• _Problem to work on_
Could you write out every record below exactly, leaving the pictures out?

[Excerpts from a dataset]
________________

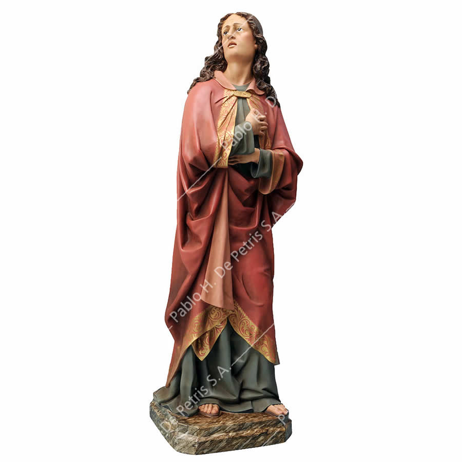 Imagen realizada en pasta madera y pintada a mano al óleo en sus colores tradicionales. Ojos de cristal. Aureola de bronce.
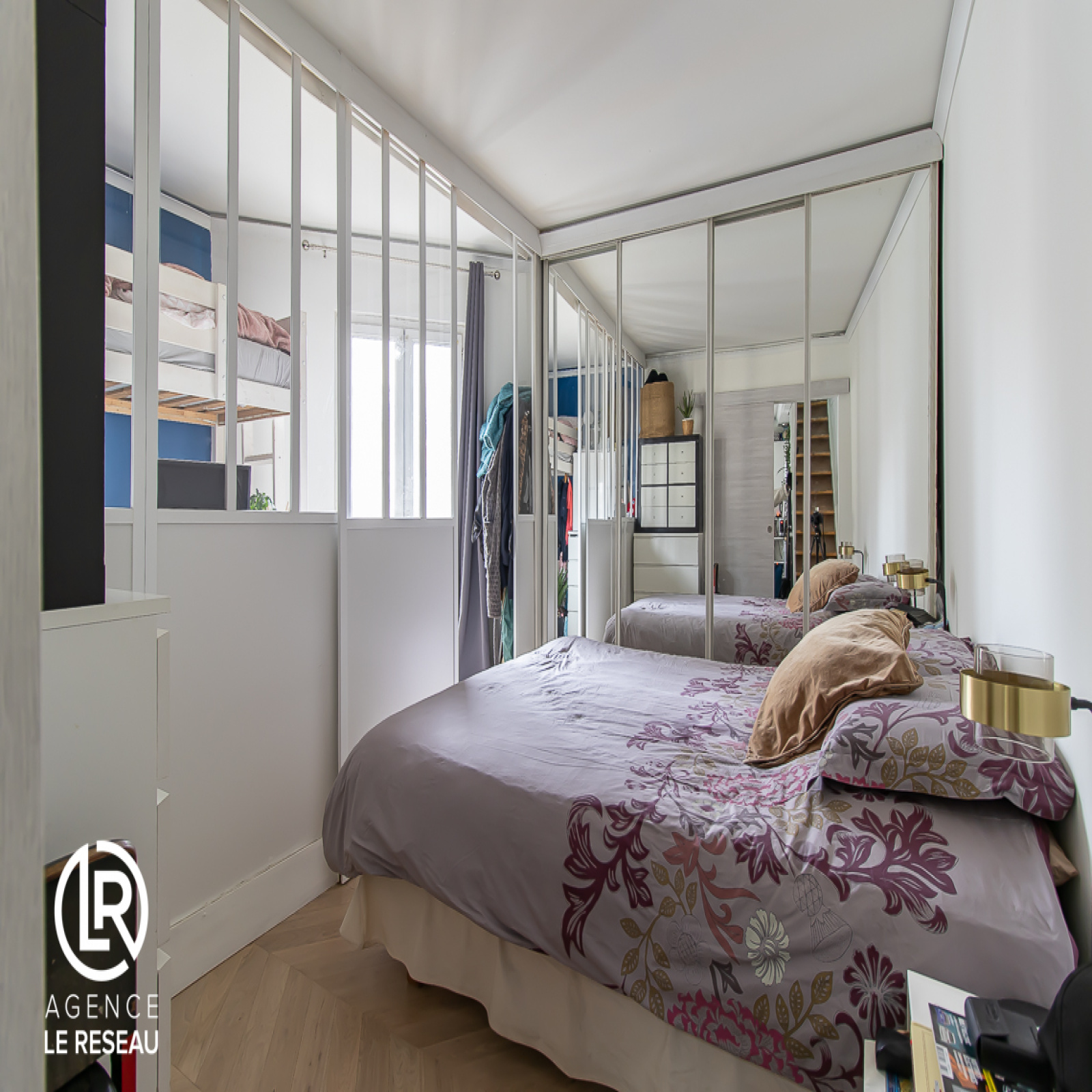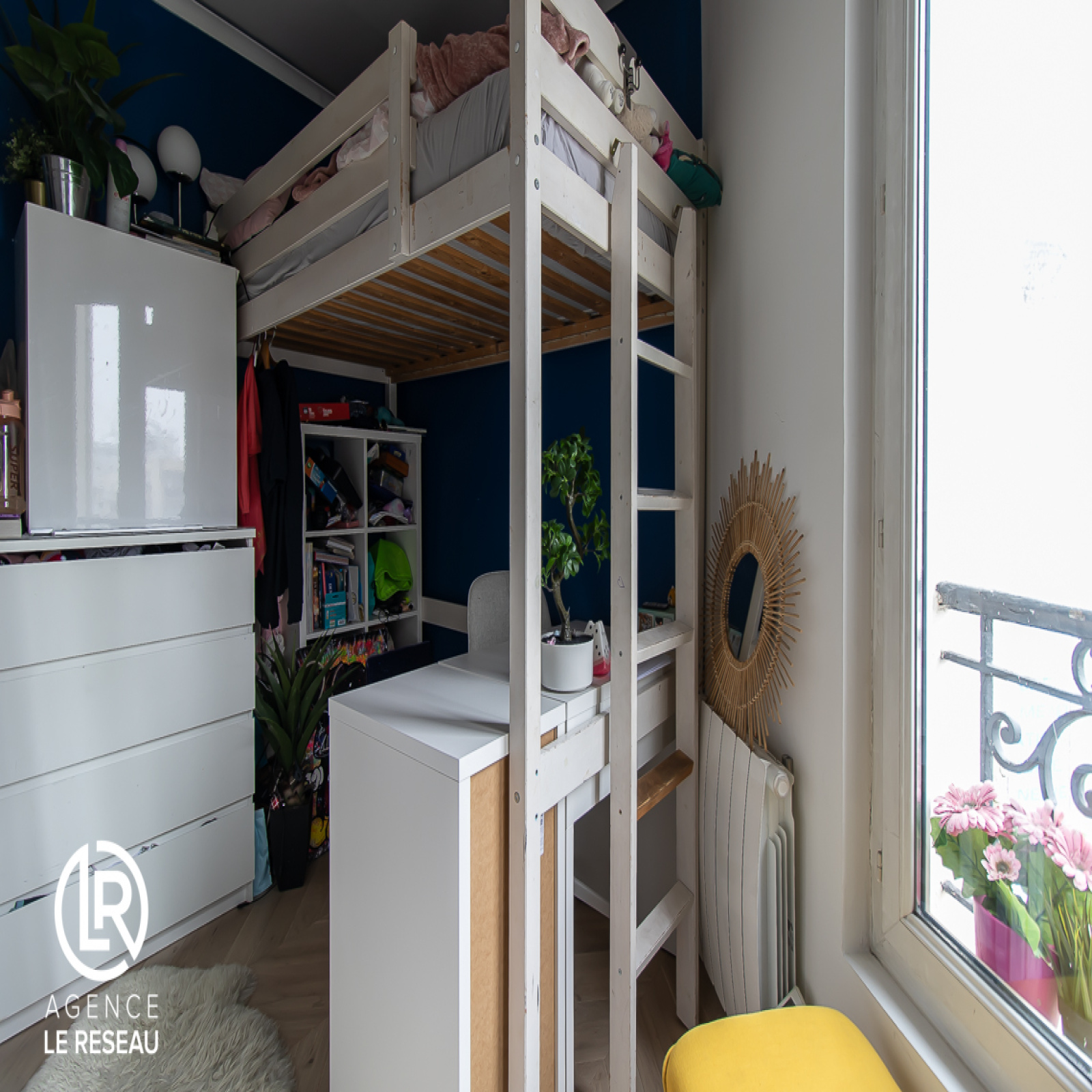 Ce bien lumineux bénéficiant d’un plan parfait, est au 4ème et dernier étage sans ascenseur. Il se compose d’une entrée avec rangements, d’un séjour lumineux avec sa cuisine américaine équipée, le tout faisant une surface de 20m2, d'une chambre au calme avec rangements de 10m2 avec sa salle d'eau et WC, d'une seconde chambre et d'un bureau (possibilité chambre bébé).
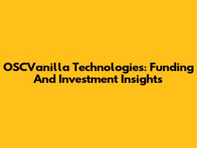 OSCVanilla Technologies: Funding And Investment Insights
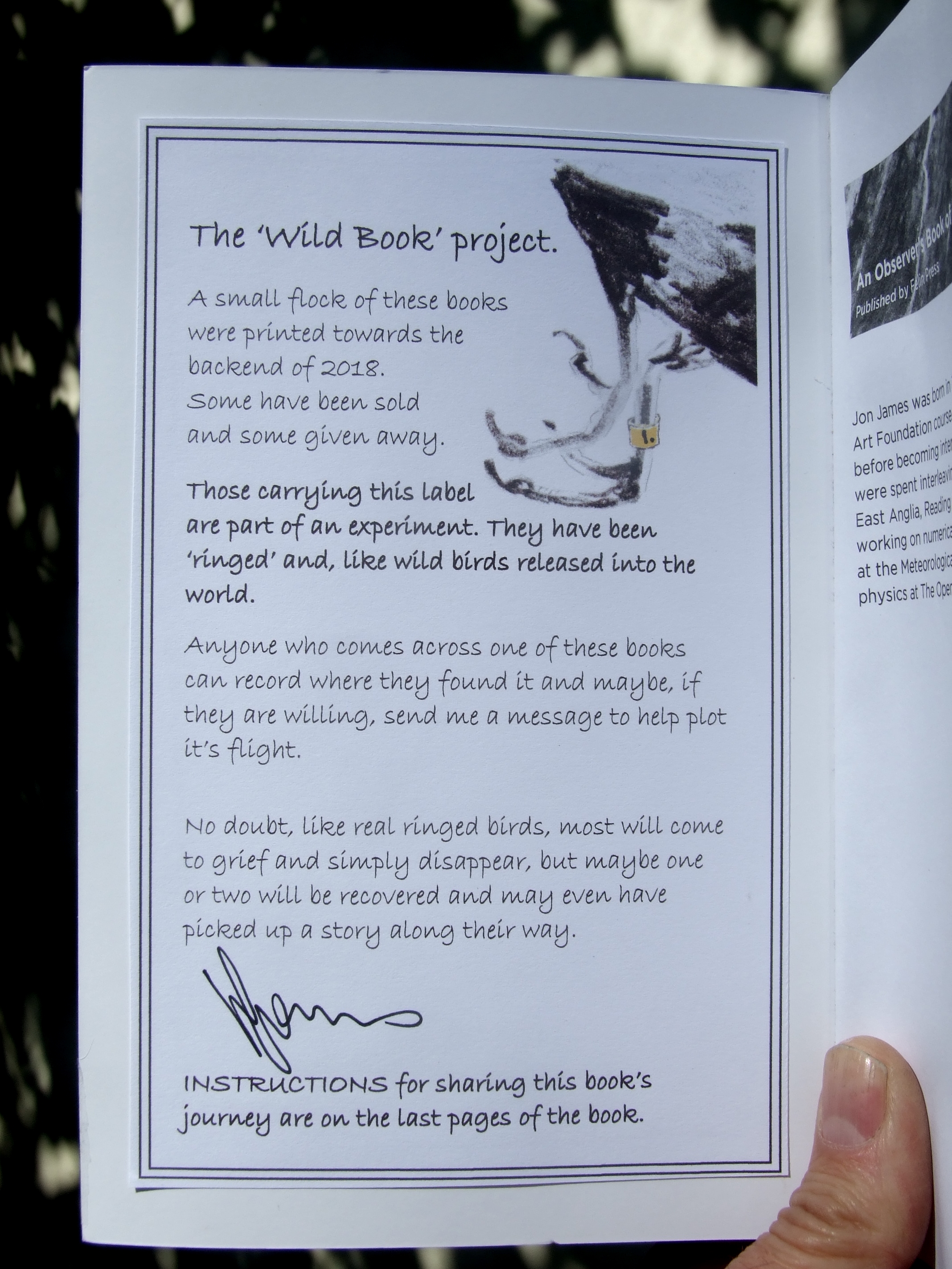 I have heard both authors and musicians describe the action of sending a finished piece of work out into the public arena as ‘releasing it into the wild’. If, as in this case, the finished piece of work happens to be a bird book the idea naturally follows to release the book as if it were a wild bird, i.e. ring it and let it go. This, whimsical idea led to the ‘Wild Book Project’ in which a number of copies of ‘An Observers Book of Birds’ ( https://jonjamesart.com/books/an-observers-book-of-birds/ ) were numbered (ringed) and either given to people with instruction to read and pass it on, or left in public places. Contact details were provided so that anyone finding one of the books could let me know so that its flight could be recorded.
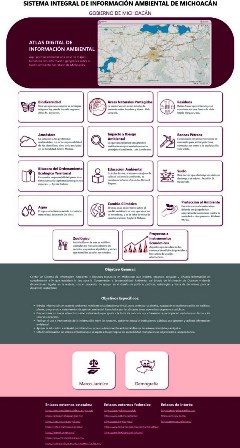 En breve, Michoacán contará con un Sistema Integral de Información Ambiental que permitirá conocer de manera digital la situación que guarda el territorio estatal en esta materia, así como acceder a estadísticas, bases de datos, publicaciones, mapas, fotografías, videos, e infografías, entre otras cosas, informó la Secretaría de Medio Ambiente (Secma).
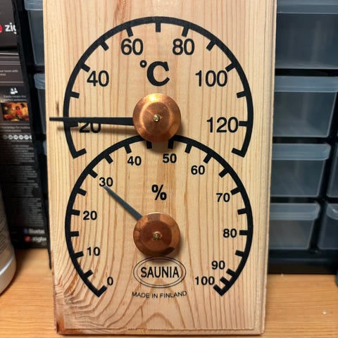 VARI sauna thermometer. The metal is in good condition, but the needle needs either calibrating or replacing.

________________

• _Exercise answer_
 Imagen realizada en pasta madera y pintada a mano al óleo en sus colores tradicionales. Ojos de cristal. Aureola de bronce.
 Ce bien lumineux bénéficiant d’un plan parfait, est au 4ème et dernier étage sans ascenseur. Il se compose d’une entrée avec rangements, d’un séjour lumineux avec sa cuisine américaine équipée, le tout faisant une surface de 20m2, d'une chambre au calme avec rangements de 10m2 avec sa salle d'eau et WC, d'une seconde chambre et d'un bureau (possibilité chambre bébé).
 OSCVanilla Technologies: Funding And Investment Insights
 I have heard both authors and musicians describe the action of sending a finished piece of work out into the public arena as ‘releasing it into the wild’. If, as in this case, the finished piece of work happens to be a bird book the idea naturally follows to release the book as if it were a wild bird, i.e. ring it and let it go. This, whimsical idea led to the ‘Wild Book Project’ in which a number of copies of ‘An Observers Book of Birds’ ( https://jonjamesart.com/books/an-observers-book-of-birds/ ) were numbered (ringed) and either given to people with instruction to read and pass it on, or left in public places. Contact details were provided so that anyone finding one of the books could let me know so that its flight could be recorded.
 En breve, Michoacán contará con un Sistema Integral de Información Ambiental que permitirá conocer de manera digital la situación que guarda el territorio estatal en esta materia, así como acceder a estadísticas, bases de datos, publicaciones, mapas, fotografías, videos, e infografías, entre otras cosas, informó la Secretaría de Medio Ambiente (Secma).
 VARI sauna thermometer. The metal is in good condition, but the needle needs either calibrating or replacing.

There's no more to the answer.